Guam-Mom and her daughter sat across the aisle from us, one seat up. Having been to Guam to visit family, and returning via Hawaii, they'd been traveling for forty eight hours. One of those small, serious, Asian women, whose true age was hard to tell, she spoke little, yet garnered tremendous respect. Her daughter saw to her every need and was very protective of her without being overbearing. Once on the bus, Guam-Mom mostly slept, while her daughter read from her Kindle and quietly made and received calls on her cell phone. They must have had a rather large extended family, for as we finally neared their destination, the rate of her calls picked up. Someone would definitely be there to pick them up and surely everyone in the family knew they were home. Obviously, Guam-Mom was highly-treasured and well-loved.

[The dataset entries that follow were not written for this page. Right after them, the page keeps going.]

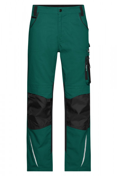 Robustes, strapazierfähiges Mischgewebe Dehnbarer Bund mit Gürtelschlaufen Mit CORDURA® verstärkte Kniepolstertasche Reißfeste Dreifachnaht Schubtaschen, diverse Werkzeugtaschen 2 Taschen mit Reißverschluss Zollstocktasche, Stiftefächer, Handytasche Reflexelemente (ohne Schutzfunktion/keine PSA) an Vorder- und Rückseite 60° waschbar, trocknergeeignet.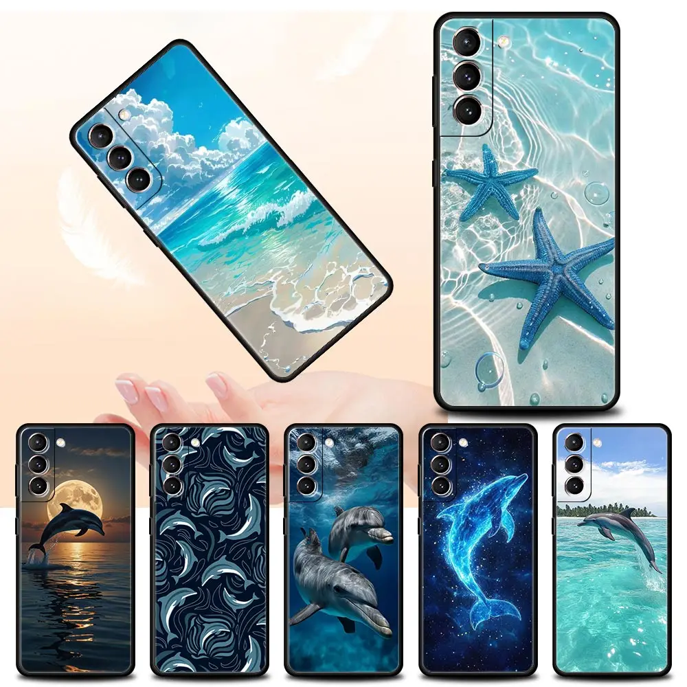 Funda para Teléfono Samsung Galaxy S25 Edge S24 S23 S22 S21 Ultra S20 FE 5G S10 S10E S9 Plus, Cubierta Suave de TPU con Diseño de Delfín Oceánico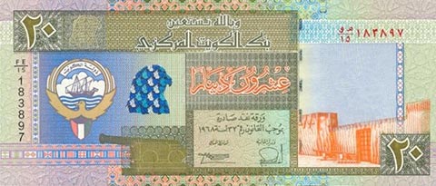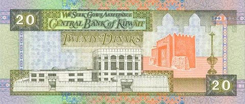 Кувейтский динар. Купюра номиналом в 20 KWD, реверс.
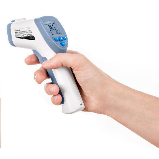 Využívá technologie infračerveného záření a dosahuje tak během okamžiku velmi přesných výsledků. Teploměr stačí přiblížit k předmětu a do jedné sekundy získáte výsledek měření.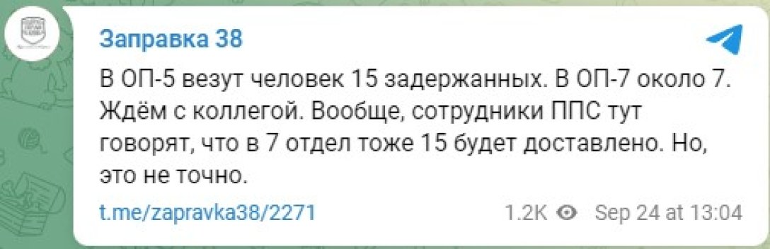 Во многих городах России возобновились акции протеста против войны в Украине и принудительной "долевой" мобилизации. В частности, 24 сентября протесты возобновились в Иркутске, Улан-Уде, Новосибирске, Томске, Чите, Хабаровске и других городах. Выйти на протесты призвало антивоенное движение "Весна" и сторонники оппозиционера Алексея Навального.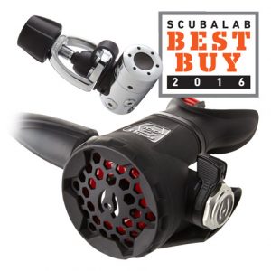 “With its lustrous chrome finish, braided hose and sleek design details, the 100LX looks like a more expensive reg than it is. It dives the same way, earning top scores in its category for ease of breathing in swim position. Divers praised the reg’s soft, predictable purge and scored the second stage very good for comfort. One of the few signs of cost-consciousness was the single HP port (there are four LP ports), but divers still rated the arrangement very good for setup. Like most regs in the category, there’s no breathing adjustment, but the 100LX didn’t seem to need one; it flowed air with just a hint of inhalation, although some divers found it a little too eager, as though on the edge of free-flow. But with the Venturi switch — easy to grasp and smooth to operate — in predive it was hard to make it free-flow at the surface, even intentionally. With impressive performance and attention to detail at an attractive price, the 100LX is our Best Buy.”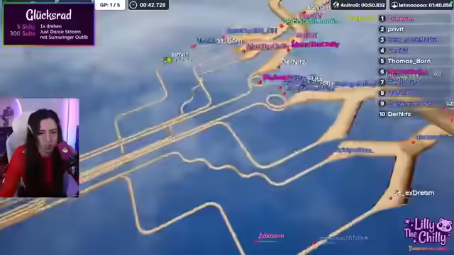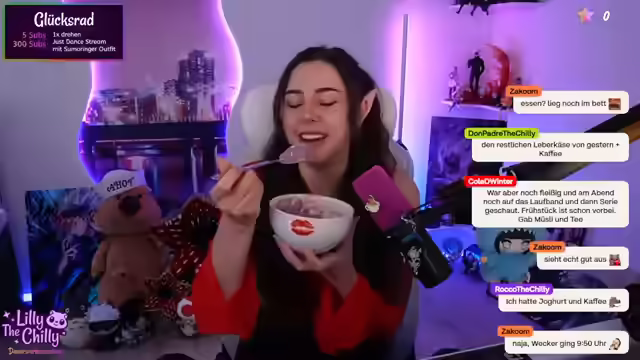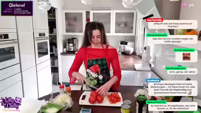 lillythechilly startet mit Plänen für einen Koch-Stream und Murmelspielen. Das Glücksrad bringt Überraschungen, von Merch bis zu sauren Geschmacksexperimenten. In den Murmelspiel-Runden kämpfen die Teilnehmer um den Sieg, während die Moderatorin das Geschehen kommentiert. Später werden Tacos und Tiramisu zubereitet, wobei es in der Küche hoch hergeht. Der Abend endet mit Verlosungen und einer Ankündigung für den nächsten Tag.

Student Nurse sat across the aisle from us and was deep in conversation with the equally-young navy man who sat next to her. She had flown in from Colorado, where she was in school, to attend the funeral of a beloved aunt. Although she did not elaborate, she shared that she'd mostly been on her own and pretty much supported herself since she was sixteen. She may have had a rocky adolescence, but her vision was clear and her goal was set - she was studying to be a geriatric nurse. She'd already had experience in this field with some of the various jobs she's held over the years. She was so young, so motivated and enthusiastic, but also wise beyond her years. And why, my husband asked, had she chosen that career? How did she know that was what she wanted to do with her life? "Simple!" She said. "There is such a need and I love old people. And I want to make a difference in the world." Simple, indeed.

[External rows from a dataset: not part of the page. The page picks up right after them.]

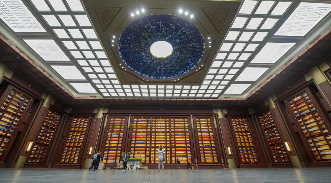 走进位于国家版本馆主建筑文华堂的国家书房,抬头就能看到宋代石刻天文图的星空穹顶。国家书房内陈列着具有传世价值的上万册中外经典出版物版本。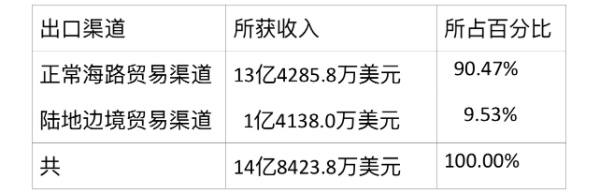 豆类出口的两个渠道中,由海路出口占了九成以上的比例,而由边贸出口不到一成的比例。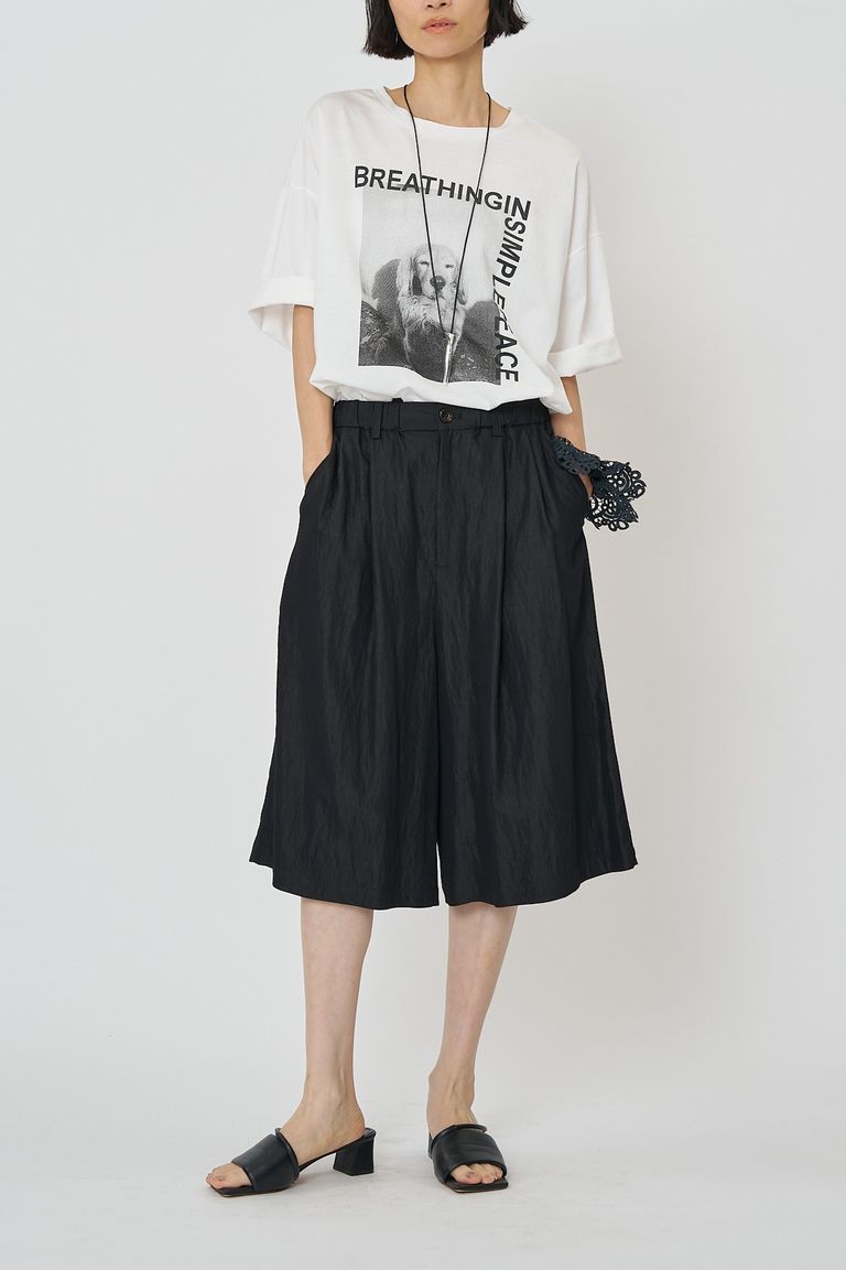 ゆるっとしたリラックスシルエットで、ウエストに2タックをいれることで、腰回りをすっきりと見せてくれます。ウエスト後部分にはゴムを、さらにの内側にはサイズ調整が可能な紐を通しており、着心地も快適です。着丈は膝下丈で、大人の女性もチャレンジしやすい絶妙なバランスです。足元は、きれいめなパンプスや、軽快なサンダルを合わせるのがおすすめ。セットアップでの着こなしはもちろん、今までのTOPSに1枚合わせることで、今年らしいトレンド感のあるコーディネートが楽しめます。

Navy Crew sat behind us in the long bench seat across the back of the bus. Just out of basic training, this group of four young men and one woman was headed to their first assignment at the submarine base. During the many hours we spent together, their conversation spanned many topics, with occasional silences when they catnapped. Dressed in their crisp black uniforms, they were obviously on their best behavior and proud of what they represented. As we finally drew close to their destination, they became more animated and strained to see out of the fogged-up windows. Their conversation became a series of questions: "Where are we?" "All I can see is trees and fog; looks like a real no-man's land." "How far will we be from town?" "How big is Bremerton, anyway? That small, huh?" "Dang, what's there to do around here?" "I'm really hungry; do you think there's any take-out places on base?" From the front of the bus, Mom-to-Be's voice rang out - "There's a McDonald's..." I can only imagine how exciting that sounded.
Grizzly Bear must have been all of four years old and was with his mother. It had been a long day for him also, and, unlike many of the children who travel today, he clutched only one small super-hero toy in his hand. The warm animal hat on his head was something he was not willing to remove for any reason. When they took the seat immediately in front of us and he popped up to peer over the top of his seat, I attempted to talk to him. Asking his name, I got no reply - only an impish grin. Several other questions got the same response. "Nice hat you have. Is it a squirrel?" No reply. "I know, it must be a puppy dog." Nothing. "Oh, I see - it's a raccoon." Giggles - "Must be a grizzly Bear!" So began the game of GRRRR! that day - all the way to Nowhere...
Do not dwell in the past,
do not dream of the future,
concentrate the mind on the present moment.